[DATASET SECTION]:

○ ○ ○ ○ ○ ○ ○

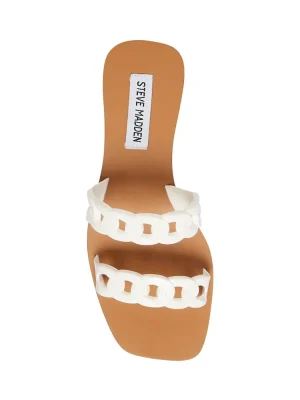 Smooth faux chain straps give these staple sandals a sexy upgrade. Forget boring two strap flat sandals and make way for BONNI.Synthetic upper materialSynthetic liningSynthetic sole.5 inch heel height Imported
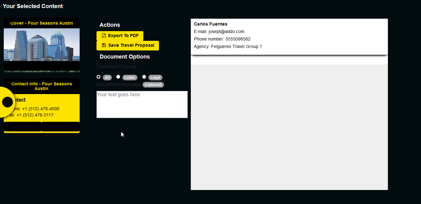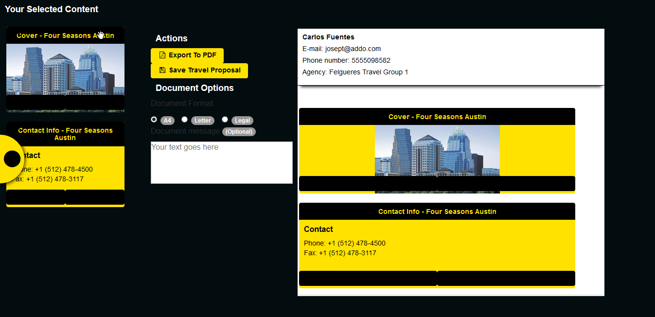 左边的列显示可以显示在文档上的选定内容。每个元素都有一个按钮(每个元素内的黑色区域),该按钮使用jQuery将整个元素克隆到文档容器(白色框)。一切正常工作,在将元素克隆到文档容器后,我使用Export按钮调用jQuery事件来使用jsPDF库并生成文档。但这是每件事都出错的地方。
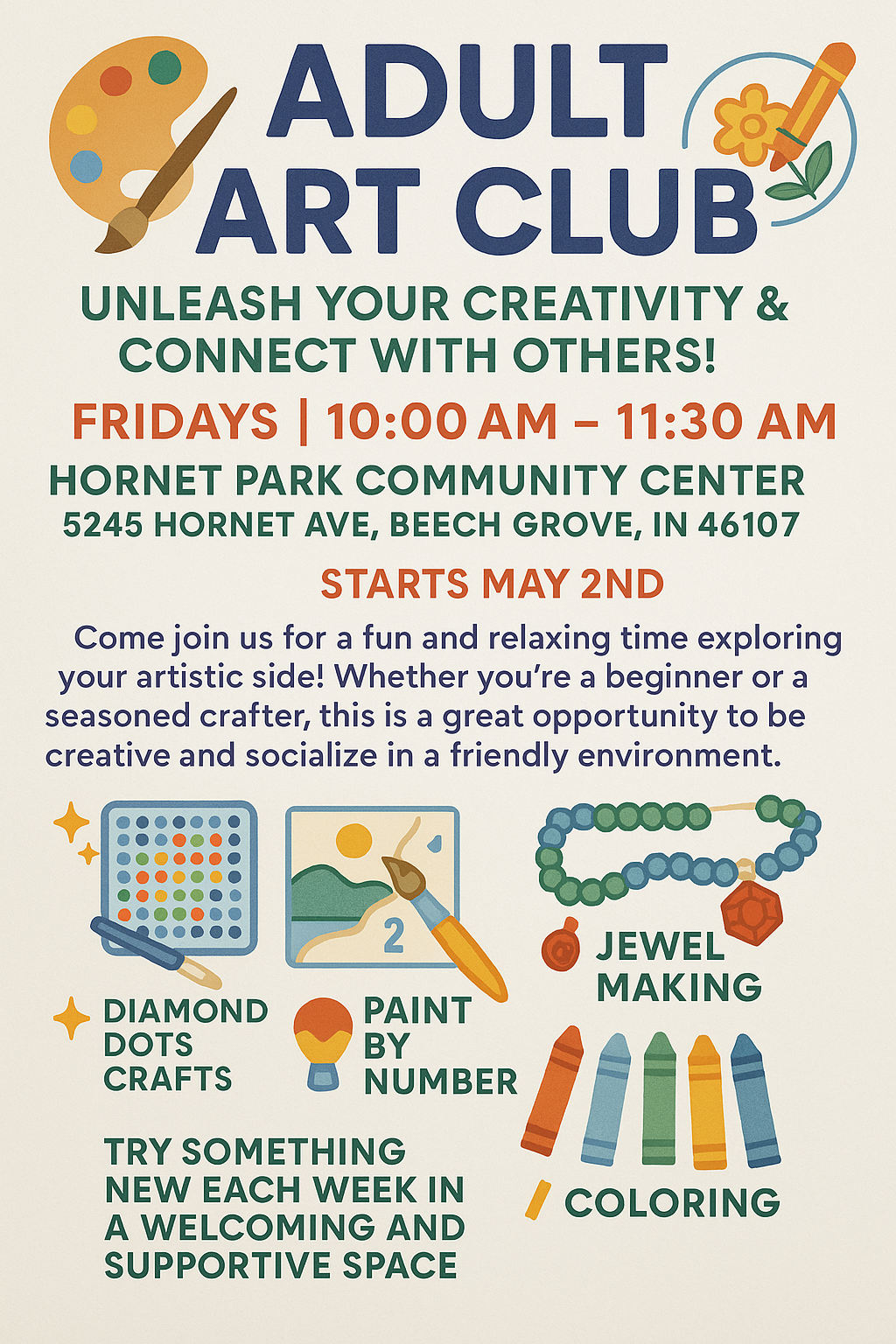 Our friends from Easter Seals are leading a weekly art club for adults each Friday morning. Plan to join us for this free event. It is a great way to meet new friends and learn something new.

○ ○ ○ ○ ○ ○ ○

Using the material above, return every line exactly as it appears, minus the pictures.

 Smooth faux chain straps give these staple sandals a sexy upgrade. Forget boring two strap flat sandals and make way for BONNI.Synthetic upper materialSynthetic liningSynthetic sole.5 inch heel height Imported
 左边的列显示可以显示在文档上的选定内容。每个元素都有一个按钮(每个元素内的黑色区域),该按钮使用jQuery将整个元素克隆到文档容器(白色框)。一切正常工作,在将元素克隆到文档容器后,我使用Export按钮调用jQuery事件来使用jsPDF库并生成文档。但这是每件事都出错的地方。
 Our friends from Easter Seals are leading a weekly art club for adults each Friday morning. Plan to join us for this free event. It is a great way to meet new friends and learn something new.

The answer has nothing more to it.